Upasana Pattanayak

Abstract Others Children

4.9  

Upasana Pattanayak

Abstract Others Children

The Value Of Science

The Value Of Science

4 mins
412


Science has changed the very nature of our daily life. Our life today is set on a different plan from that which our fathers followed, and this has been due to the influence of science. Science has increased the tempo of life: it has multiplied the range of our occupations; it has added to the extent of our leisure; it has bestowed upon us comforts and amenities undreamt of by our forefathers. Today science is the servant of a privileged few who can purchase the services of those who are the masters of scientific knowledge and utilize them for their private profit and personal well-being; tomorrow science will be the willing handmaiden of humanity made free in its economic life to utilize all the benefits that science has created. Let us, however, examine what exactly science has done for us so far.

First, as regards our food, science has given us an insight into the nutritive value of the food that we take. It has demonstrated the respective merits of cooked and uncooked food. It has analyzed and classified the various constituents of our diet according to their vitamin content, caloric value, mineral basis, etc. It has explained to us the elements that make a balanced diet. We can take into account all this knowledge of food materials that science has placed at our disposal, and utilize it in re-arranging our diet. During the War, though England people were placed on a severely rationed diet, it was found that the general health of the people showed definite improvement because the Food Ministry had so arranged that the limited ration had the maximum caloric value. With the help, of all this knowledge the State can provide school children with cheap but nutritious food in order to build up the physique of future generations. This shows how much science can contribute to the improvement of national well-being.

Secondly, let us consider the next item of our necessity-our dress. Modern science has taught us the utility of light dress in a tropical country. It has demonstrated the overwhelming importance of sunlight to the tissues of the body, and the need, therefore, of seeing that the body is exposed to the rays of the sun, and benefits thereby. It has warned us against the evil effects of cramping our bodies in tight-fitting clothes. It has shown how the light garments worn in the tropics is better suited than European costume. This has been responsible for destroying a good deal of snobbery in the matter of dress that we had acquired in our eagerness to imitate the West.

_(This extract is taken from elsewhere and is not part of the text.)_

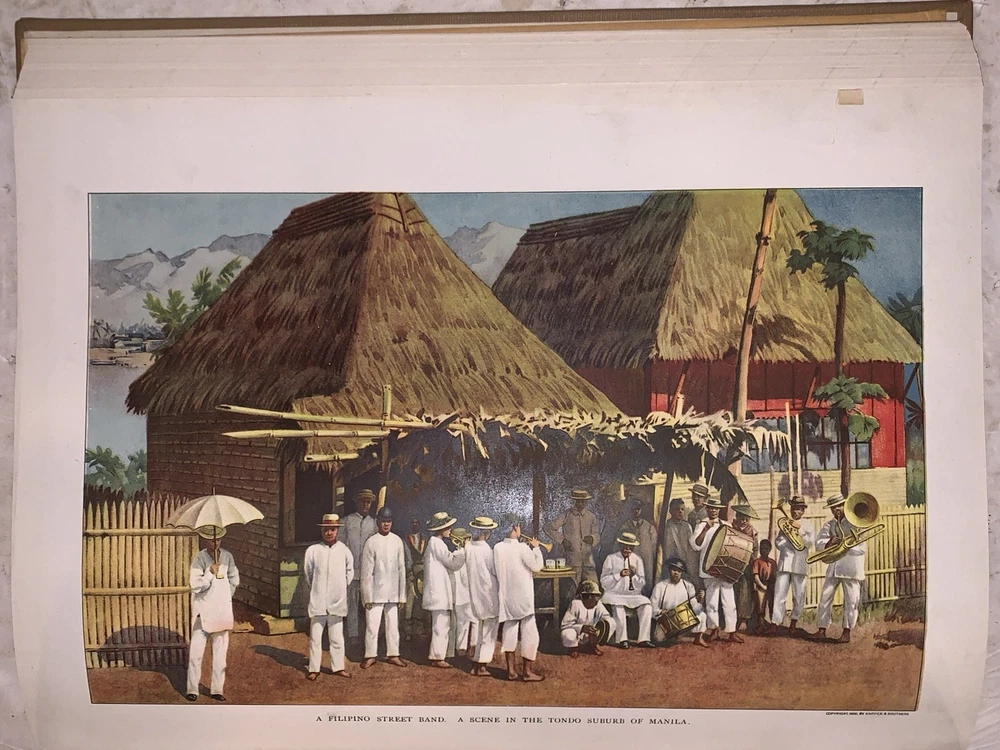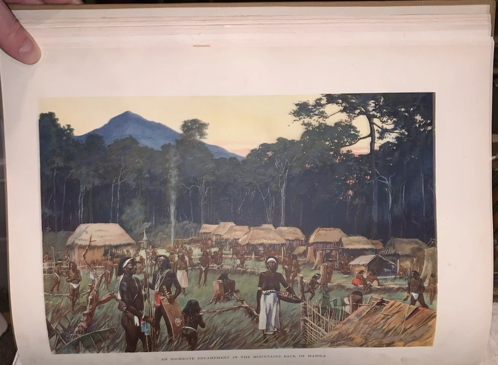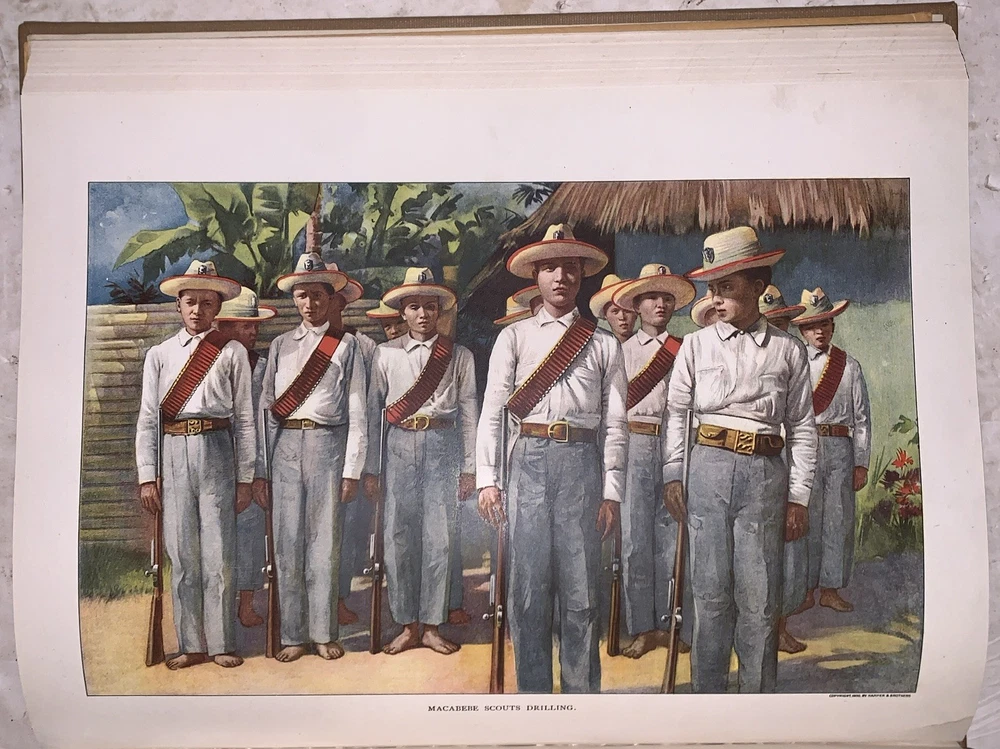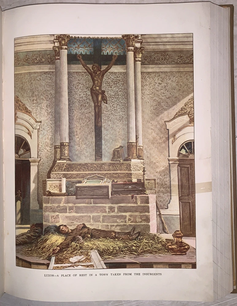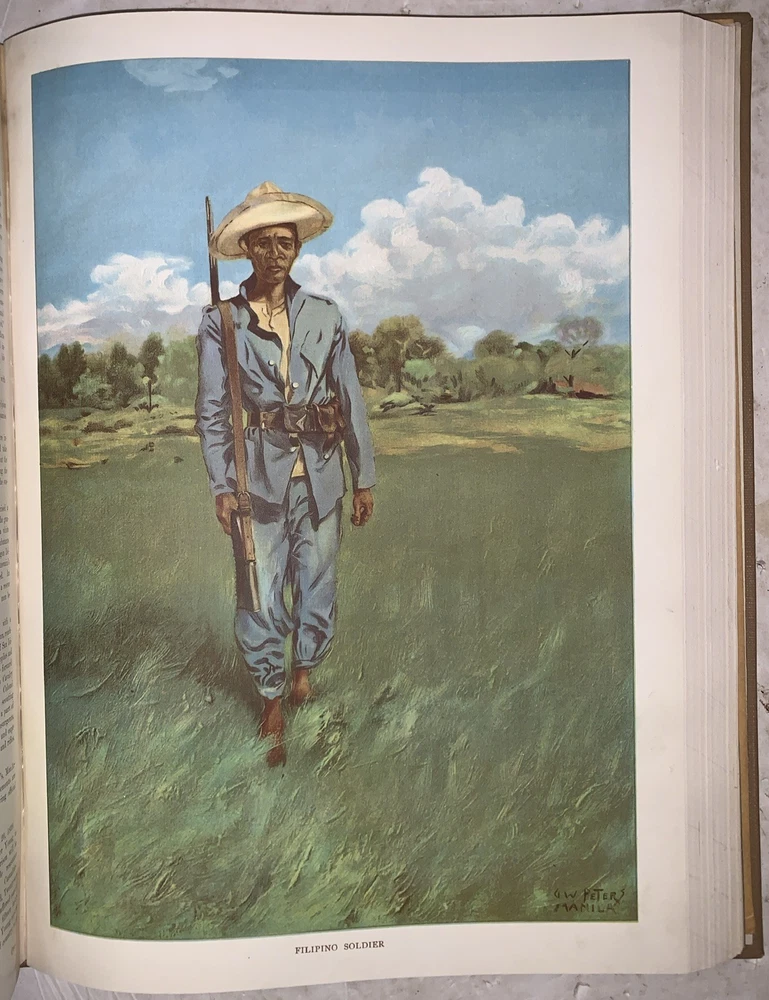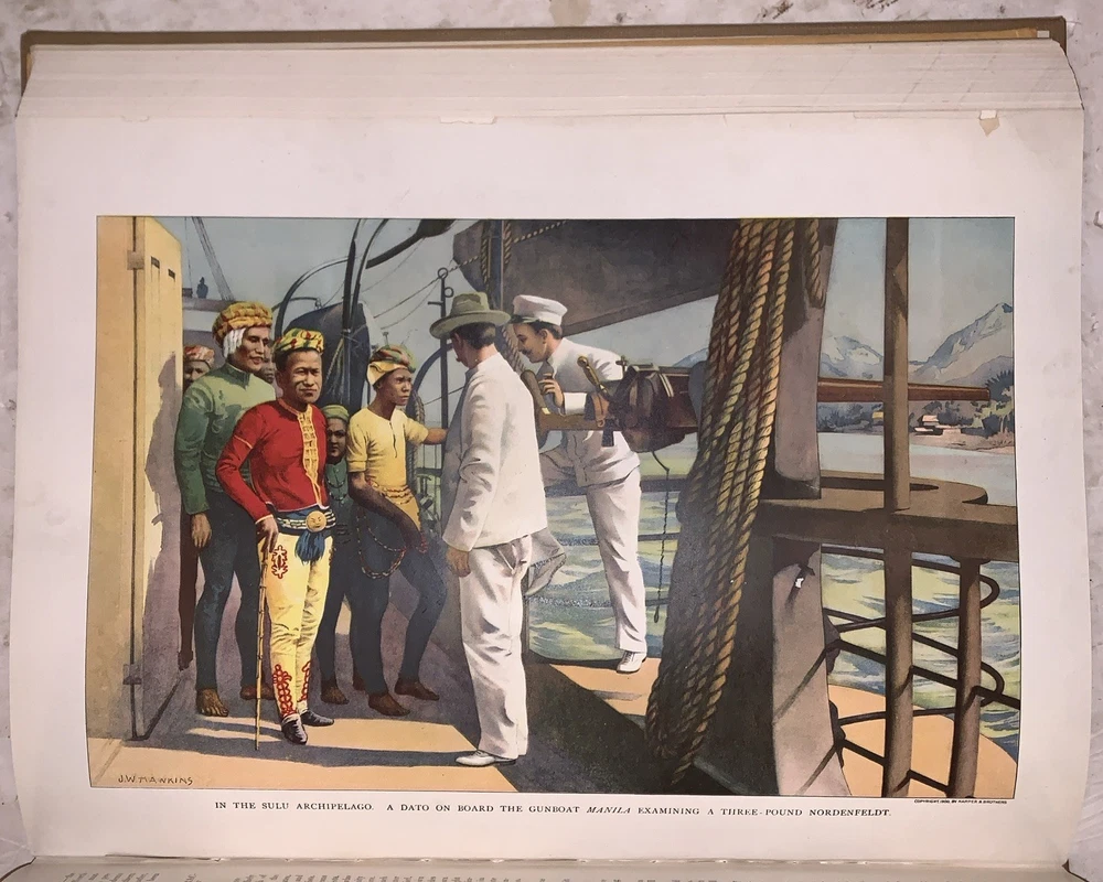 Harper's History of the War in the Philippines Edited by Marrion Wilcox, B.A., LL.B. Illustrated New York and London: Harper & Brothers 1900 First Edition Large folio, 464 pages, professionally rebound in full tan cloth covered boards with gilt lettered spine label. Illustrated throughout with full-page color plates, also in black and white. It appears that the last few pages are detached, with large losses and laid in at the rear, may lack a few leaves, numerous tears and tape repairs, some discoloration, else in good condition. 15" x 12" x 2". This auction has no reserve, an opening bid of only $0.01, and free shipping. If you have any questions, feel free to ask, and don't forget to check out my other listings.

Thirdly, science has shown us how we can do a greater volume of work in a shorter time and with less physical labour. It has placed at our disposal innumerable labor-saving devices, so that, in these days of shortage of servants, life can become far less difficult than it is. The typewriter, the computing machine, the telephone, the motor car, the electric fan and light, the refrigerator-all these and many others show how much work we can do with minimum labor. They save us from the mechanical drudgery of manual work and thus enable us to do much more work than our ancestors. At the same time, they create plenty of leisure which we may devote to the culture of body and mind. The modern man is thus enabled to live a full and many-sided life.


Fourthly, in our sickness, we feel more than ever the benefits of science. The physician and the surgeon are today much more sure in their diagnosis of diseases and much more confident in their ability to cure or to control them. The microscope, the X-ray, the radium, the ultraviolet rays-all these have come as real blessings and boons to humanity. With the growth of chemical and bacteriological sciences, the treatment of diseases has been very much simplified. Wonder drugs like penicillin and streptomycin have proved specific medicines in the cure of diseases that were formerly not amenable to treatment.

The services of science in providing us with cheap and innocent amusement are equally great. The radio has helped to soothe our over-wrought nerves with light music and with other means of refreshment and recreation. Equally exhilarating is the gramophone which is a happy supplement to the radio. Outside the home, we can drop in at a cinema-house and escape for a time from the worries of life. Even the theatre is something infinitely superior to what it used to be, and, with the help of scientific devices, is able to imitate more convincingly the realities of life.

Thus in our daily life science has been of the greatest help and benefit to us. It is difficult to say how much we owe to science in the affairs of our daily life. In fact, we are hardly conscious of the many amenities which science has brought; we think as little of them as we do of the gifts of Nature.